Yay teacher gave me an extension until Tuesday the 14th. So I've been sitting here for the past few hours shuffling and reshuffling the content I'm meant to write up on, and I'm drawing a total blank. There's only so much procrastinating you can do before you simply have to sigh and admit this isn't going to accomplish anything. I KNOW I'm making this more complicated than it is, for goodness sakes its only 2000 words and a first year paper to boot. Its not likely i'm expected to write a world changing thesis. I've decided one of my future research projects will be finding out what causes the start-of-the-assignment hump. You look at all that information, all neatly sorted by introduction, cause, statistics, yadda yadda, then you sit for three days wondering where to start and in the end not starting at all.

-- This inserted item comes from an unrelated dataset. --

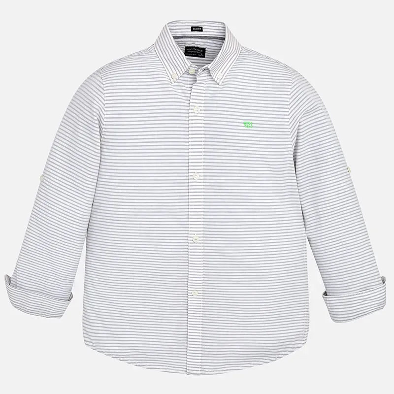 Koszula z kołnierzykiem dla chłopaka. Koszula z długim rękawem z mankietem zapinanym na guziki. Kołnierzyk koszulowy. Zapięcie z przodu na guziki. Ubranko wykonane ze 100% bawełny.

The depression clearly is a mitigating factor in the writing doldrums. I'm tired, frustrating, anxious, and fed up. My poor husband had to take three days off of work again just to help me keep my sanity as waves of random panic and depression took turns battering me into an unrecognizable pulp. Oh, and btw, apparently being at the edge of sanity makes you look like shit. I have that on the authority of every friend that has stopped by to see how I am just to tell me how horrible I look. Our GP, bless him, has given me a change of medications... he knows me well enough by now to not bother trying to send me to a psychiatrist, because the amount of time I've spent on research for both psychology classes and my own interest has made me able to quite confidently diagnose and medicate myself. So out has gone the Aropax and in the Citalapram. Anything has to be better than this, and the aropax has clearly lost its edge after 2 years. Cross fingers!
Ah, lovely, my daughters nanny has cancled her weekly care, so I now suddenly have 3 hours less work time for that assignment. Pardon me while I go off on a screaming and crying tangent and continue to get nothing accomplished.